My friend finally got my angel fish for his 75 gallon tank. I was a bit fearful for its life as it went in with a gourami, 4 yellow Labs and 2 clown loaches. All these fish are about 3-3 1/2 inches long.
The clowns swam together and when the yellow cichlids came out of the back of the tank they drove them back to the corner. The angel was smack dab in the center of the tank driving off the other fish too. he seemed to own that part of the tank just in a few days.
he looks huge even in the 75 gallons.
hopefully he continues to do well but he was really too much for my comminity tank to handle.
I didn't know clown loaches were pushy like that?


----------



## bmlbytes (Aug 1, 2009)

The cichlids are the only thing That worry me about that tank. I have seen angels in with clown loaches before and I have a tank with angels and a bunch of gouramis. Yellow labs, although mild tempered for cichlids, are still cichlids. Although I guess angels technically are too.


----------



## Guest (Mar 28, 2010)

i wouldnt worry 2 much about him Mousey.....he seems like one tough cookie.


----------



## DTetras2 (Jan 20, 2010)

i don't understand why the clown loaches are being so mean to the cichlids, i would think it would be the other way around. could you list the sizes of these fish, it would probably help. i think you brought the angel back to quickly, they would probably adapt to the tank sooner or later. i don't know if angels normally befriend gourami's, or if they hate eachother, but all i know is that gouramis CAN be aggressive, like when i had a gourami that killed 4 of my fish that were smaller than it. i think if you give them some time, the yellow labs will take a stand.


----------



## emc7 (Jul 23, 2005)

The lab could be a girl and alone. Its mostly the males that stake out a piece of tank and drive other fish out of it and mostly when they want to mate. Angels and gouramis both take over an area of the surface and drive other fish out, usually when mating, but often they do it alone. It kind of make sense if they are eating bugs that fall or lay eggs in the water. I heard clown loaches were schoolers, but I've seldom seen it because most people buy one or two. Shy alone, they may be bolder in groups. 

I would try to rehome the lab. IME when African and American get together, the Americans usually win. The African really only try to kill con-specific male and chase other off. The Americans really seem to go for the kill. I've seen angels "dive bomb" plecos to death to defend their eggs.

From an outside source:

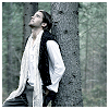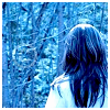 Description: the back of a long dark haired male standing in blue-toned woods looking away

Though I may be making the wrong comparison. Mouthbrooders can pick up move, family and all. Substrate-spawners stand and fight or lose their whole spawn. The most aggressive Africans I've kept, the jewels, are substrate spawners.


----------



## NatBarry (Feb 19, 2008)

He'll soon be the boss of the tank haha I wouldn't worry about the clowns, theyre not aggressive fish but are just curious and always want to have a little mess about and some fun, wouldn't harm anything. Give it a few days.


----------